Chegou ao ponto que, com a próxima atualização do aplicativo móvel da Tesla, os proprietários de carros perderam a oportunidade de se inscrever nos centros de serviço se suas reclamações fossem reduzidas a indicadores de reserva de energia – você só poderia deixar uma solicitação para um funcionário da empresa entrar em contato com o cliente, mas devido ao grande número de reclamações, tiveram que esperar alguns dias por uma ligação. Com isso, o “grupo de sabotagem” passou a processar todas as reclamações sobre a reserva de marcha em geral, chegando a chegar a 2.000 por semana. A equipe era obrigada a fechar cerca de 750 casos por semana. Às vezes, o recurso foi encerrado no caso em que o cliente não pôde ser alcançado pela primeira vez. E no final de 2022, a direção da empresa geralmente proibia os funcionários do departamento de realizar diagnósticos remotos – era feito apenas por palavras, diziam ao cliente que não havia avarias detectadas e encerravam a aplicação.

Mas sabe-se que nem sempre correspondendo à realidade, as leituras dos instrumentos dos veículos elétricos da Tesla já têm chamado a atenção das autoridades reguladoras.

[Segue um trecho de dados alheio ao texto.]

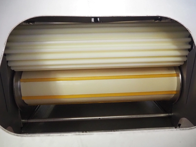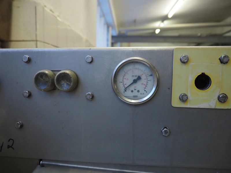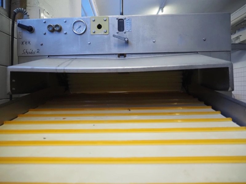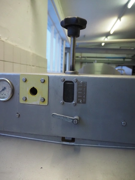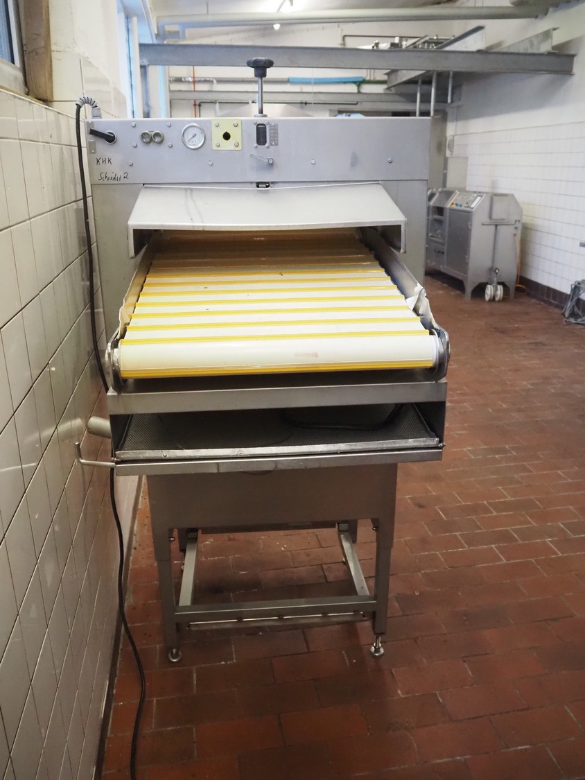 Schröder curing press, type: PSM500, number: PSM25499, 400 V, 50 Hz, 2.5 A, 1.2 kW, plastic belt, belt width: 650 mm, roller length: 650 mm, dimensions infeed: 665 mm x 135 mm, total dimensions: 1620 mm x 1000 mm x 1870 mm.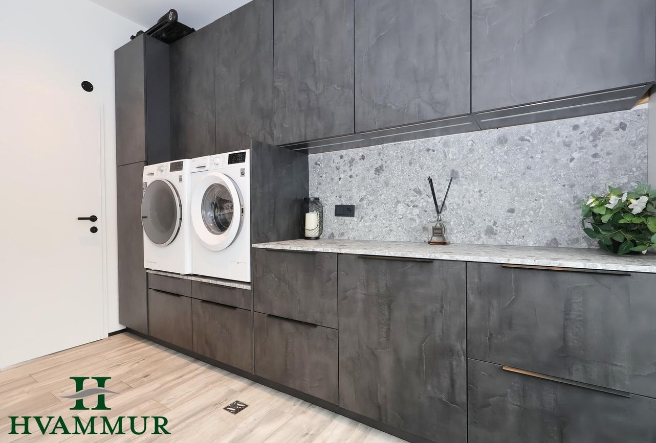 Innfelldur ísskápur, uppþvottavél, vínkælir, pláss fyrir þvottavél/þurrkara.

Na Coreia do Sul, a empresa foi multada em US$ 2,1 milhões por propaganda enganosa com valores inflacionados entre agosto de 2019 e dezembro de 2022. A Comissão Coreana de Comércio Justo (KFTC) apurou que a Tesla não explicou aos clientes que baixas temperaturas do ar podem reduzir significativamente o alcance – testes realizados pelas autoridades do país mostraram que pode cair 50,5% em relação ao declarado pelo fabricante.

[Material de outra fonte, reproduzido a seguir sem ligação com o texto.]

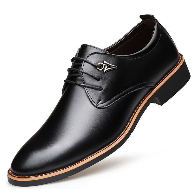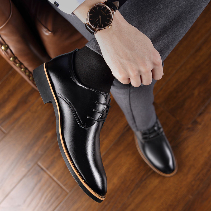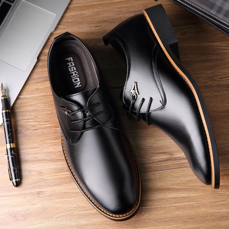 Men's leather shoes leather summer breathable British business formal dress pointed toe casual shoes lace-up black work shoes for men

A Tesla foi instruída a alterar a declaração no site da empresa sobre um dos modelos, que dizia que “Você pode dirigir 528 km ou mais com uma única carga” – a suposição “ou mais” teve que ser removida da frase. Por fim, o regulador coreano exigiu que os representantes da Tesla admitissem publicamente que a empresa enganou os consumidores. E em 19 de junho de 2023, Musk e dois executivos da divisão local divulgaram uma declaração de que o anúncio continha “falsidade/exagero”.